Build workflow-oriented AI systems with plain Ruby orchestration, from routing and parallelization to RAG

Driving the Loop Yourself
Workflow Patterns
Retrieval-Augmented Generation
Error Handling
Next Steps

After reading this guide, you will know:

How to drive the agentic loop yourself, one move at a time.
How to run each turn as its own background job and resume elsewhere.
How to implement common workflow patterns with plain Ruby classes.
How to compose sequential, routing, parallel, and fan-in workflows.
When to reach for an evaluator loop to iterate on output quality.

A workflow is just orchestration code that coordinates one or more agents. In practice, this is often a small Ruby class with a single public method, plus a loop you control. Before you build a multi-agent workflow, it helps to understand how a single agent’s turn-by-turn loop runs, so you can pause it, persist it, and resume it on demand.

Driving the Loop Yourself

ask sends your message and runs the conversation to completion: it calls the model, runs any tools the model asks for, and calls the model again until it answers without a tool. When you need to control that loop, for example to run each turn as its own background job, set an iteration budget, or stop and resume on another machine, Chat exposes it as named verbs:

generate runs the model once and appends its response (the model’s move).
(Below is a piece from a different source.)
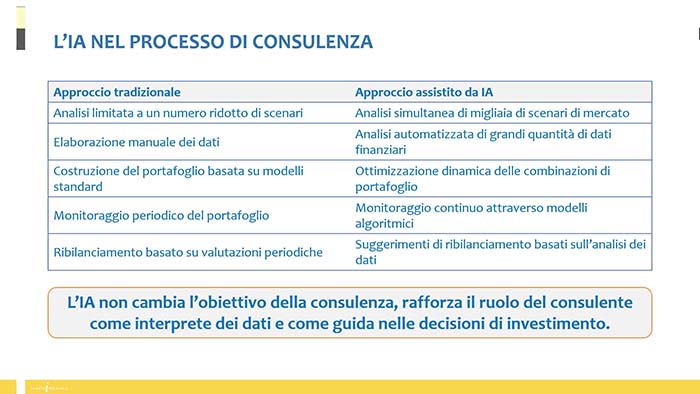 L’obiettivo è rafforzare il ruolo del consulente come mediatore tra persona e tecnologia, promuovendo decisioni sostenibili nel tempo e una relazione evoluta e “aumentata”, in linea con i principi di trasparenza, adeguatezza e tutela dell’investitore.
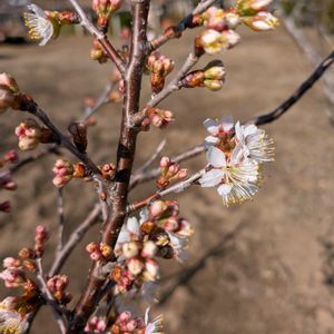 サクランボの交配用にナポレオンを植えたら良いよって言われてますが残念な事に他のサクランボは未だ開花してないので?挙句にナポレオンの交配樹が無い為か実付きが悪いんです〜友人宅の長寿梅の花色濃くないですか?茶色に近い色が珍しいのか今後に期待 春先の黄色の樹木から花色も変わり椎の木の芽吹きの金華山の様に山の色も変わりますね〜

It returns the response.
run_tools executes the tool calls the model asked for and appends their results (your move). It makes no model call and returns the chat.
step does whichever move is next: run_tools if tools are pending, otherwise generate. It returns nil once there is nothing left.
complete steps until done. This is what ask calls, and it returns the final response.
complete? is true when the model answered without calling a tool.

So the agentic loop is just step until complete?:

chat = RubyLLM.chat.with_tools(Weather).ask_later("What's the weather in Paris?")

chat.step until chat.complete?  # generate, run_tools, generate
chat.messages.last.content      # => "It's 15°C and partly cloudy in Paris."

ask_later stages the question without sending it, so ask is ask_later then complete.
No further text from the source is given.